To demonstrate this, let's look at everybody's favorite data about cars. What do we know about the relationship between number of gears and engine shape `vs`?
```{r gear_counts}
gear_counts <- mtcars %>%
count(vs, gear)
gear_counts
```
Now we can use `bind_log_odds()` to find the weighted log odds for each number of gears and engine shape. First, let's use the default empirical Bayes prior. It regularizes the values.
```{r dependson="gear_counts"}
regularized <- gear_counts %>%
bind_log_odds(vs, gear, n)
regularized
```
For engine shape `vs = 0`, having three gears has the highest weighted log odds while for engine shape `vs = 1`, having four gears has the highest weighted log odds. This dataset is small enough that you can look at the count data and see how this is working.
Now, let's use the uninformative prior, and compare to the unweighted log odds. These log odds will be farther from zero than the regularized estimates.
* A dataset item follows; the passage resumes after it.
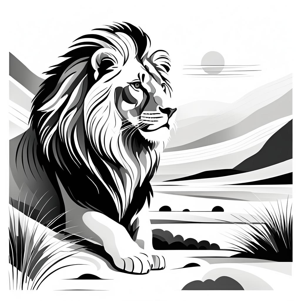 Landscape painting of a hand-drawn illustration of a lion, in a minimalistic style with monochrome patterns on a white background, high quality.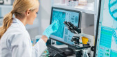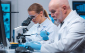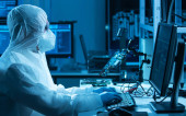 Inżynier mikroelektroniki pracuje w laboratorium naukowym nad systemami komputerowymi i mikroprocesorami. Profesjonalny pracownik fabryki elektroniki testuje płytę główną i koduje firmware.

```{r dependson="gear_counts"}
unregularized <- gear_counts %>%
bind_log_odds(vs, gear, n, uninformative = TRUE, unweighted = TRUE)
unregularized
```
Most importantly, you can notice that this approach is useful both in the initial motivating example of text data but also more generally whenever you have counts in some kind of groups or sets and you want to find what feature is more likely to come from a group, compared to the other groups.